**Task brief**.
Copy the listing exactly, leaving out every picture.
[Dataset content]
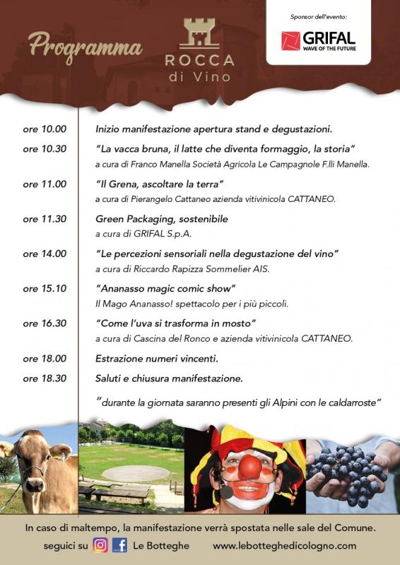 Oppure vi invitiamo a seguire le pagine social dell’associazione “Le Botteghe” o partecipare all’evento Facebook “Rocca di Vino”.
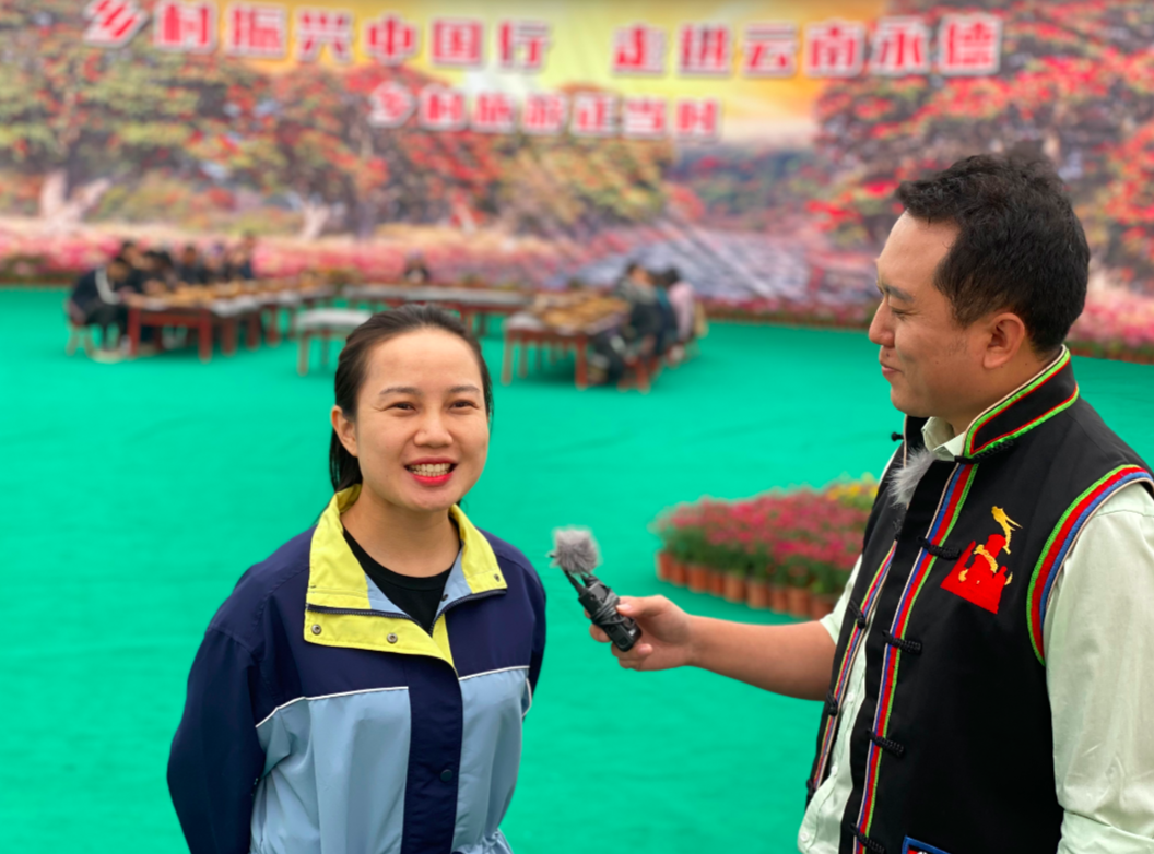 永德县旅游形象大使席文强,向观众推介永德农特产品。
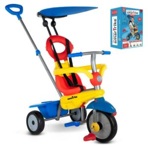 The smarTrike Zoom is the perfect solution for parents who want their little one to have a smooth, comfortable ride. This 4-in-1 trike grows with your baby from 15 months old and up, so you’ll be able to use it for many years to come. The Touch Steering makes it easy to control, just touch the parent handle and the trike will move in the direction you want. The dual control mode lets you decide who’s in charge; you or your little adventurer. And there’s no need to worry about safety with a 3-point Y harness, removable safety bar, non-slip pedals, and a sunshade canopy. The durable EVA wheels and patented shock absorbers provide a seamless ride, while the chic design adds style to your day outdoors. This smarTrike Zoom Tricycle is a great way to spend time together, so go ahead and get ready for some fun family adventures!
[/Dataset content]
**Problem solution**.
 Oppure vi invitiamo a seguire le pagine social dell’associazione “Le Botteghe” o partecipare all’evento Facebook “Rocca di Vino”.
 永德县旅游形象大使席文强,向观众推介永德农特产品。
 The smarTrike Zoom is the perfect solution for parents who want their little one to have a smooth, comfortable ride. This 4-in-1 trike grows with your baby from 15 months old and up, so you’ll be able to use it for many years to come. The Touch Steering makes it easy to control, just touch the parent handle and the trike will move in the direction you want. The dual control mode lets you decide who’s in charge; you or your little adventurer. And there’s no need to worry about safety with a 3-point Y harness, removable safety bar, non-slip pedals, and a sunshade canopy. The durable EVA wheels and patented shock absorbers provide a seamless ride, while the chic design adds style to your day outdoors. This smarTrike Zoom Tricycle is a great way to spend time together, so go ahead and get ready for some fun family adventures!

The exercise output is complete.